■ **About this task**
Only the lines below from the one that contains "Perfektná lyžovačka by" through the one that contains "寶粵樓的VI體系,包含了品牌" should appear in your answer, exact and without pictures.
━━━ Task data
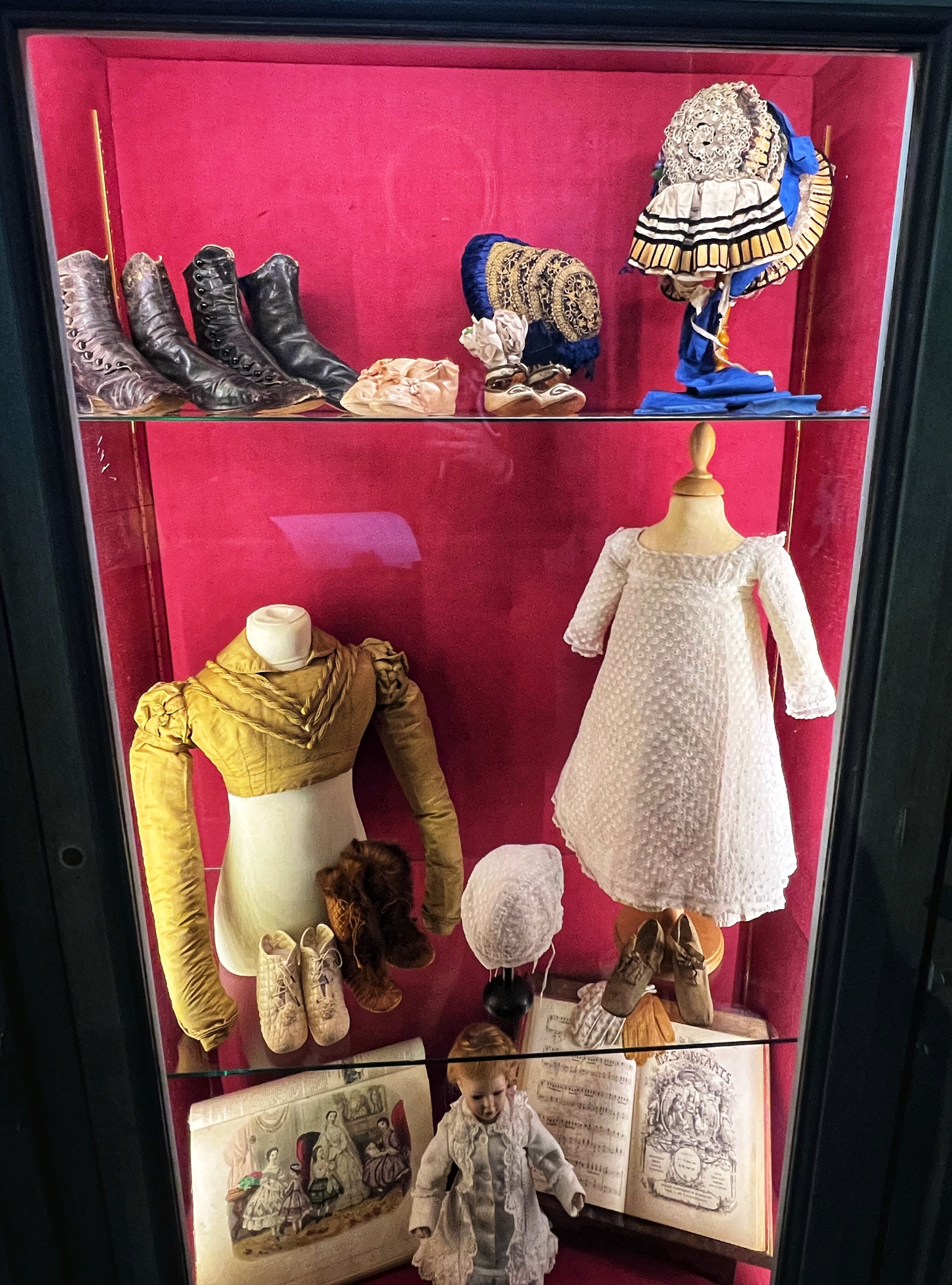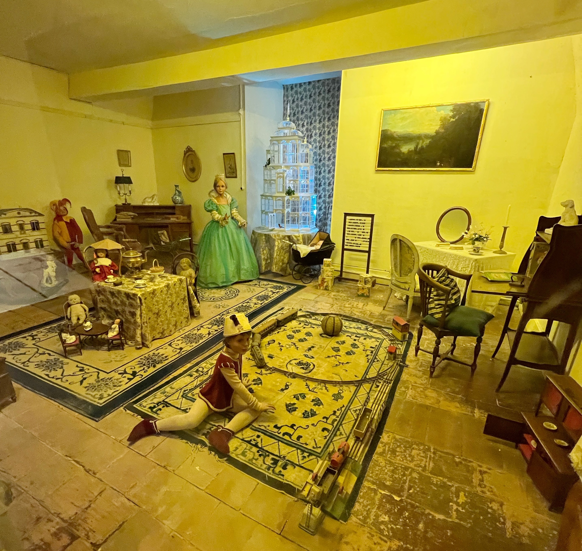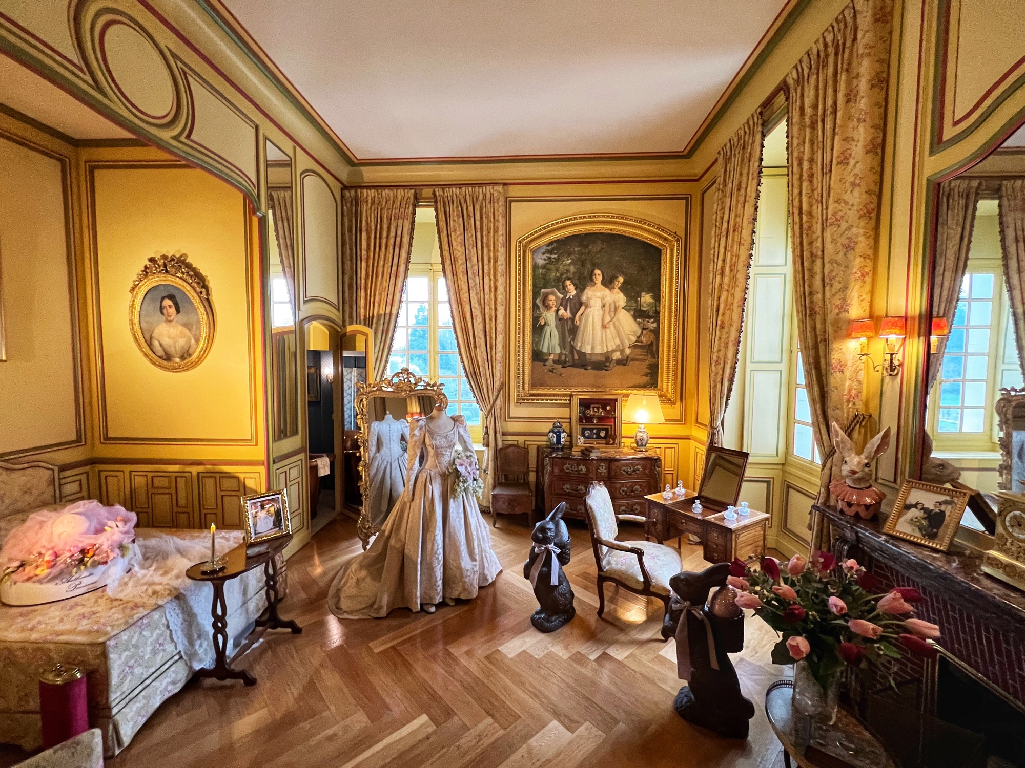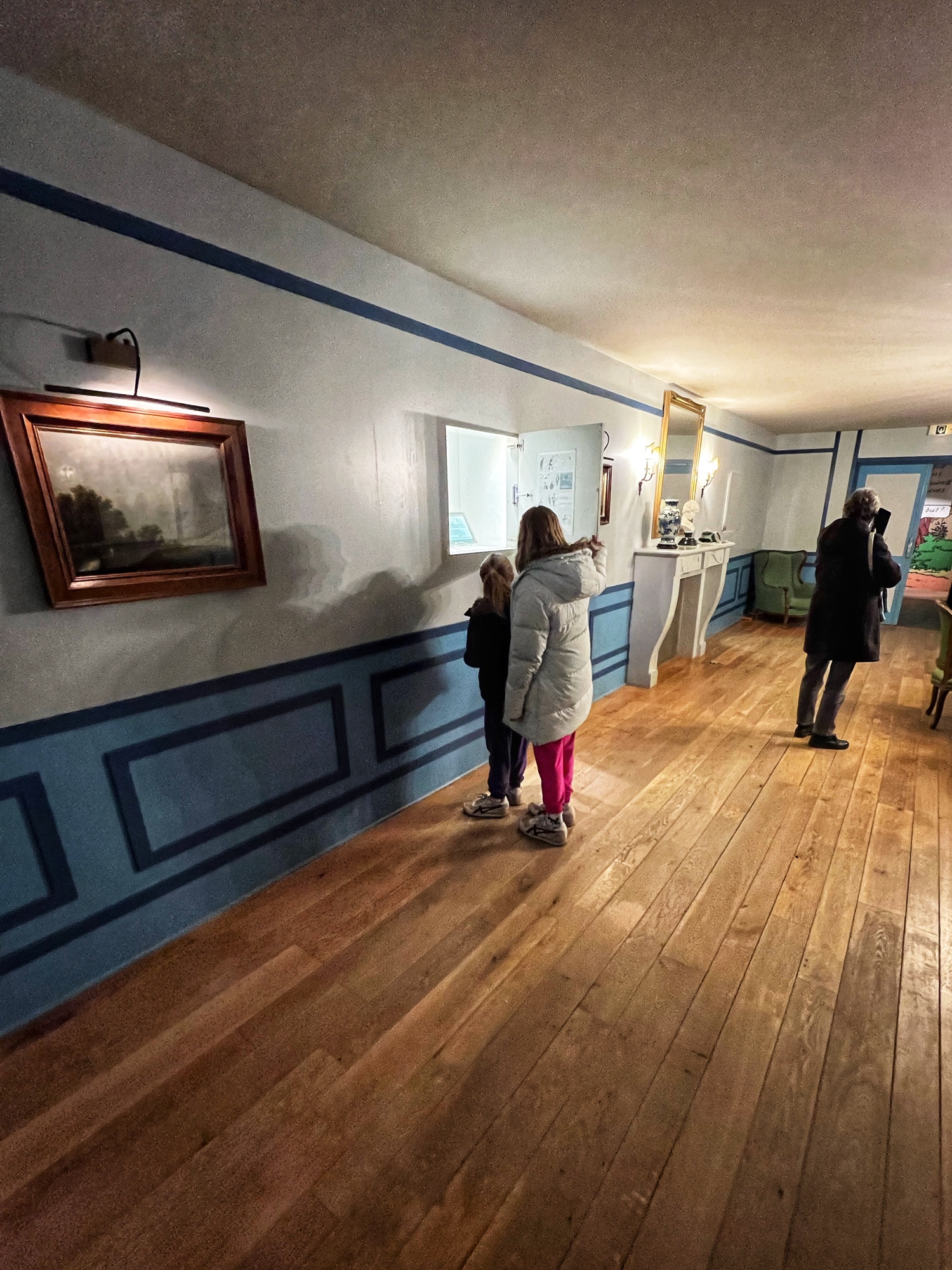 The tour will take you through the extensive rooms of the castle, then outside to a few notable spots (chapel, cave, prison, carriage house in the stables, and gardens). Most notable perhaps is the abundant use of mannequins to display period fashion. The girls said it creeped them out, but I thought it was fascinating to see the clothing of the time. Dresses, shoes, gloves, all meticulously crafted. Keep an eye out for tiny versions of things, as this castle was very kid friendly. Also, although the quiz booklet is in French, it was easy for us to decipher the clues and solve the puzzle. The girls loved finding clues and questions in each room!
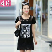 嬉琦夏装t恤女短袖韩版印花钉珠蕾丝拼接中长款休闲宽松白色体恤
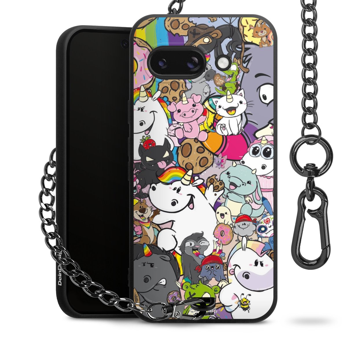Die mattschwarze Silikon-Handyhülle besteht aus robustem TPU (thermoplastisches Polyurethan). Sie ist flexibel und schützt Dein Smartphone vor Stößen und Kratzern. Die Kette sowie der Karabinerhaken sind aus Metall in Gunmetal-Optik gefertigt. Für dieses Produkt kommen ausschließlich TÜV-geprüfte Materialien zum Einsatz.
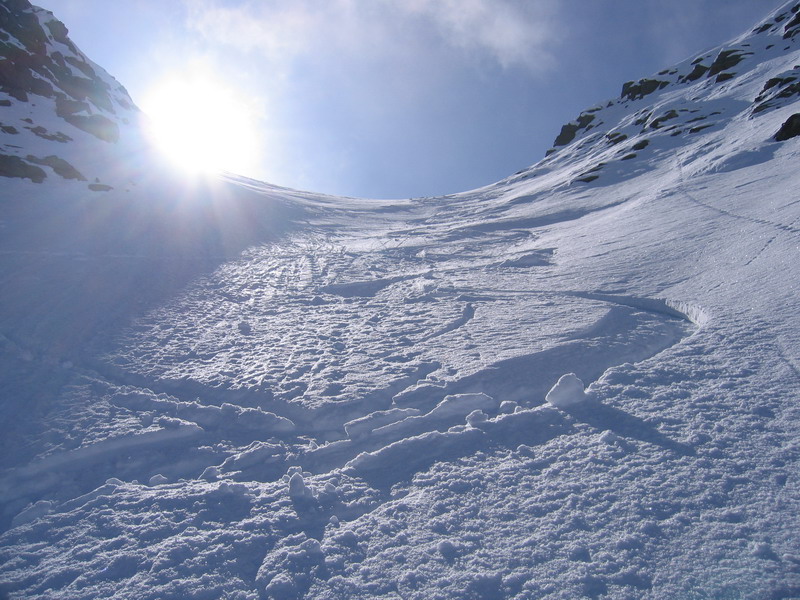 Perfektná lyžovačka by bola smerom do Martelltalu na juhovýchod, ja som sa však ponáhľal do roboty, tak som lyžoval naspäť po mojej stope. V spomínanom žlabe bol ešte prašan, aj keď som za ním musel občas trochu traverzovať (obr.)
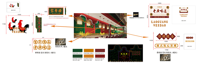 寶粵樓的VI體系,包含了品牌的LOGO標(biāo)志圖形,品牌主色調(diào),店內(nèi)日常運(yùn)營的物料系統(tǒng),導(dǎo)視系統(tǒng),推廣廣告系統(tǒng)等幾個方面。
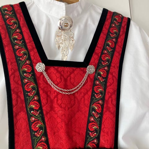 Denne bunaden er perfekt brodert. Den passer nå str 36, høyde 165-168. Den kan sys ut ca tre str, og ned ca 20 cm. Den koster 25000 med kun såsydd sølv(spenne, maljer og lås), eller 30000 med alt av sølv som hører til. Sølvet er gravert fra Vossasylv, låsen er i sølvplett. Nuperelleskjorte i lin eller bomull medfølger(uten broderi), og stakken er i ulldrape fra Gudbrandsdalen uldvare. Tråden er fra Rauma garn, og vesten er fra Berhnard L, Frogner. Livstidsgaranti på kvaliteten på ullen og tråden/sømarbeidet. Se flere bilder emblabunader Instagram eller Facebook.
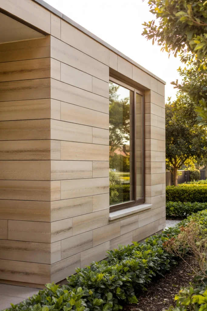 Durable and visually striking, these panels suit contemporary structures. Among Exterior Wall Panel Ideas, vertical metal panels reinforce modern geometry.
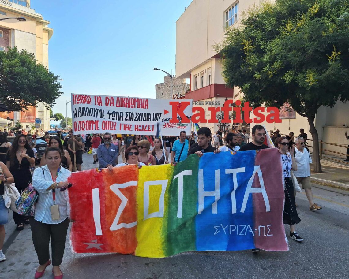 «Σήμερα βρισκόμαστε εδώ στην παρέλαση υπερηφάνειας στη Θεσσαλονίκη για έναν πολύ συγκεκριμένο λόγο. Ούτε βήμα πίσω σε έναν κόσμο που αλλάζει και τα ανθρώπινα δικαιώματα καταστρατηγούνται. Ως ΠΑΣΟΚ είμαστε εδώ και δηλώνουμε ότι δεν κάνουμε ούτε βήμα πίσω στα ανθρώπινα δικαιώματα».
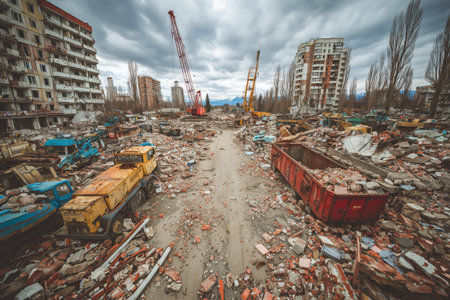 wide view of a dystopian city filled with debris, cranes, and destroyed buildings, symbolizing decay, survival, and futuristic ruin concepts. ai generated.
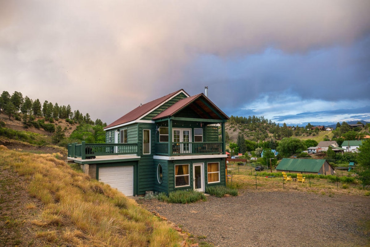 ¡Te damos la bienvenida a nuestra casa de huéspedes! Ubicada en el lote inferior de nuestra propiedad, esta nueva casa de 800 pies cuadrados tiene todo lo necesario para disfrutar de nuestra encantadora ciudad de montaña. Este pequeño castillo personalizado tiene muchas ventanas para disfrutar de las grandes vistas a la montaña y fue construido con materiales locales y de recursos. Puedes salir por la puerta al sistema River Walk (a solo dos manzanas del río San Juan) o disfrutar de un paseo de un cuarto de milla por la acera pavimentada hasta nuestras mundialmente famosas aguas termales y el corazón de nuestro centro de la ciudad.
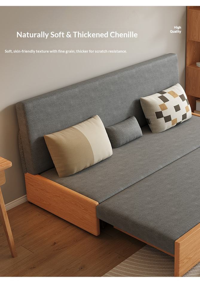 Nuevo sofá cama XHA de madera maciza con características ajustables, plegables y extensibles para sentarse, recostarse y para espacios pequeños.
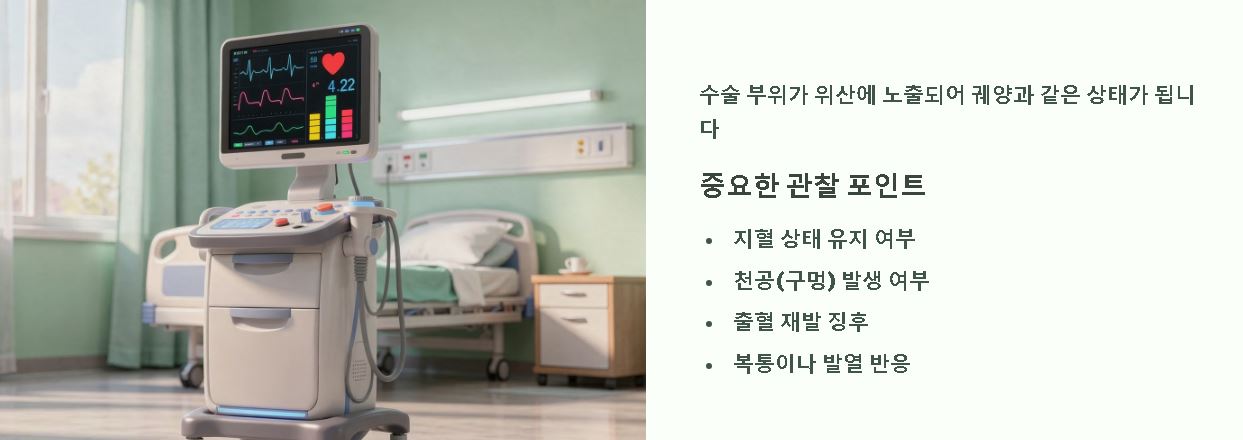 • 시술 후 밤사이 발열, 심한 복통, 토혈 여부를 의료진이 집중적으로 모니터링합니다.
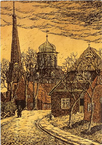 KünstlerkarteRellinger Kirche gemalt von Bernhard Troch, als Vorlage diente die Postkarte arel0134. Rechts Haus Nr. 20, dahinter Haus 26 "Blumen-Heins".Herkunft:Sammlung Miller
━━━━━━
■ **Response box**
 Perfektná lyžovačka by bola smerom do Martelltalu na juhovýchod, ja som sa však ponáhľal do roboty, tak som lyžoval naspäť po mojej stope. V spomínanom žlabe bol ešte prašan, aj keď som za ním musel občas trochu traverzovať (obr.)
 寶粵樓的VI體系,包含了品牌的LOGO標(biāo)志圖形,品牌主色調(diào),店內(nèi)日常運(yùn)營的物料系統(tǒng),導(dǎo)視系統(tǒng),推廣廣告系統(tǒng)等幾個方面。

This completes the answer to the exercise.